Know what’s missing in that sequence? A Najee Harris touch or two.

On Friday, Harris was asked about the play calling in the redzone and his thoughts on not getting a touch by media members. A well-versed, schooled rookie, Harris deflected and downplayed the question, stating he just has to execute the plays called to the best of his abilities and worry about himself, rather than the play calls or what the quarterback wants to do.

It was a tough spot to be in, especially in front of microphones and cameras just days removed from an embarrassing tie, but the rookie handled it well.

“…It’s not my decision at the end of the day, but I mean, I’ll say a little bit of stuff, even if they stack the box we can get at least chopped down like two or three yards and then it could be a shorter second, third down” Harris said to reporters Friday, according to video via “But, at the end of the day, it’s not my decision.”
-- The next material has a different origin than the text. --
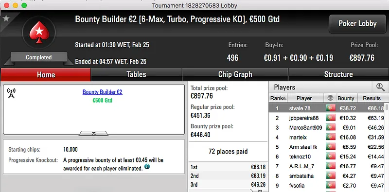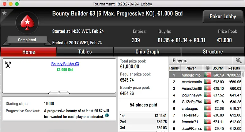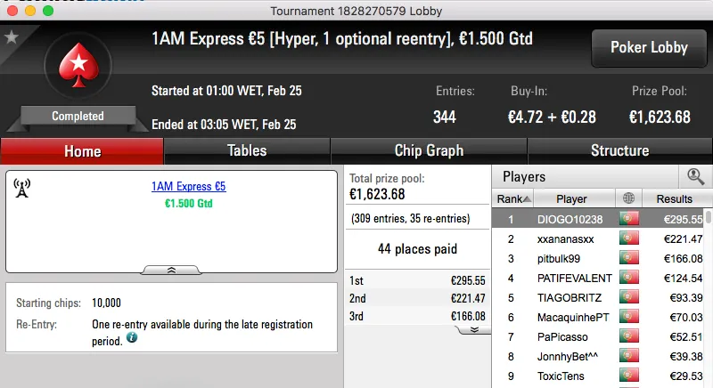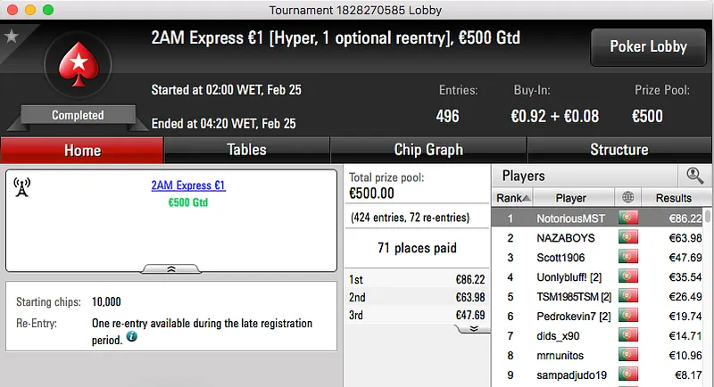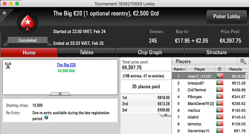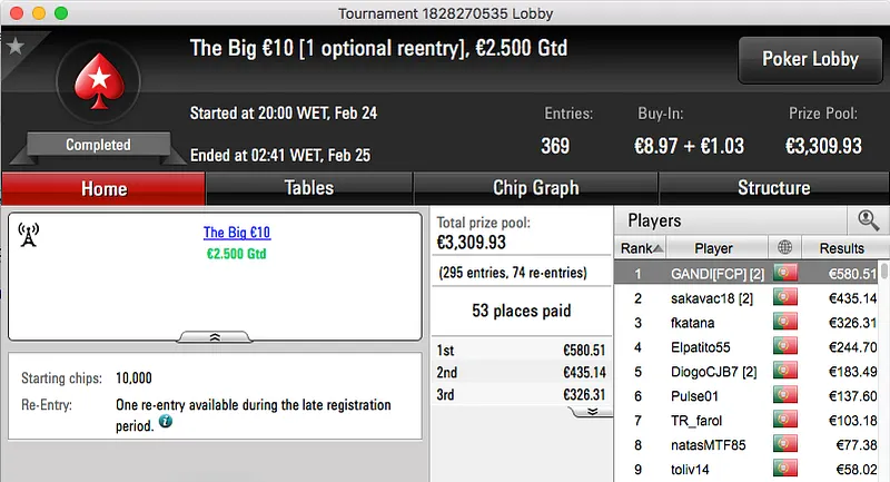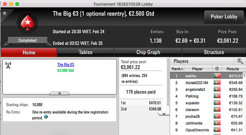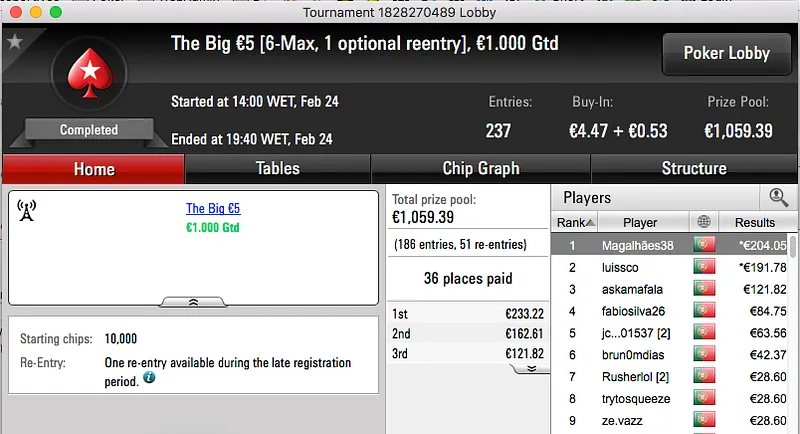 A sessão de sexta-feira da PokerStars.pt fechou com um velho conhecido da comunidade a vencer o The Big €100. Tomé Moreira bateu whitequality no heads-up e ficou com os €1,193 reservados ao vencedor.

Asked if he could do anything differently on RPO calls to try and help backup quarterback Mason Rudolph out, Harris quickly shot down the question, considering running backs can’t do anything but take the handoff in an RPO as they are not the true decision makers in those instances.

“I can’t do nothing. The quarterback got some stuff they gotta do, right? I got stuff I got to worry about,” Harris added. “At the end of the day, whatever the quarterback calls, it is what it is. I just got to execute the plays. I can’t really do nothing right there. That’s out of my jurisdictions.”

It could be easy to read into those responses from Harris and see some disgust in the answers alone, but the tone wasn’t anywhere near as deadpanned or cutting as they may read.

As I wrote earlier, Harris was put in a really tough spot here with the questions, but he handled them well, answering as best as he could without coming off as a rookie questioning the play calling or the decision making of a veteran quarterback.

You can bet though that if the Steelers find themselves in a similar situation on Sunday Night Football against the Los Angeles Chargers, Harris is getting the football multiple times.